**ACTION ITEM**
Check each line of the material below for "Machine" and copy those where it appears.

Segment Start: MATERIAL PROVIDED

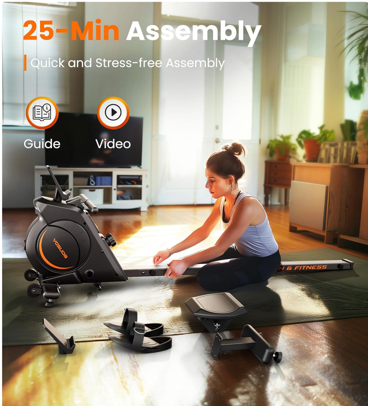
Image: A woman assembling the YOSUDA Magnetic Rowing Machine on a mat.

Assembly of your YOSUDA Magnetic Rowing Machine is designed to be quick and straightforward, typically taking around 25 minutes with only 6 main parts.
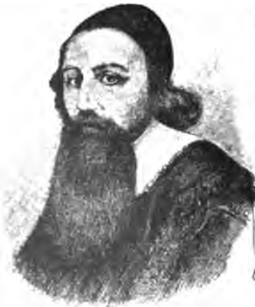
JOHN AMOS KOMENSKY (Comenius).

Many of the exiles sought homes in Germany; some went to Holland, and others to Norway and Sweden. As most of them were very poor, they were obliged to resort to various methods of obtaining a livelihood. The noblemen generally became officers in foreign armies; the educated men became teachers,
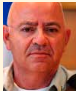
Maj. Gen. (ret.) Yair Naveh

Fields of Expertise: arms control; Iran; nuclear policy and proliferation; Middle East regional security; Egypt
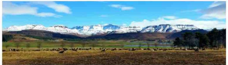
Mountains in Lesotho under snow.
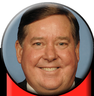
Rep. Ken Calvert (R-Calif.) 10 attacks
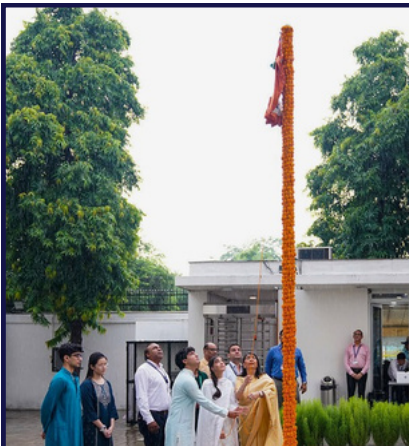
Independence Day Assembly

Segment End: MATERIAL PROVIDED

**REPLY TO THE EXERCISE**
Image: A woman assembling the YOSUDA Magnetic Rowing Machine on a mat.
Assembly of your YOSUDA Magnetic Rowing Machine is designed to be quick and straightforward, typically taking around 25 minutes with only 6 main parts.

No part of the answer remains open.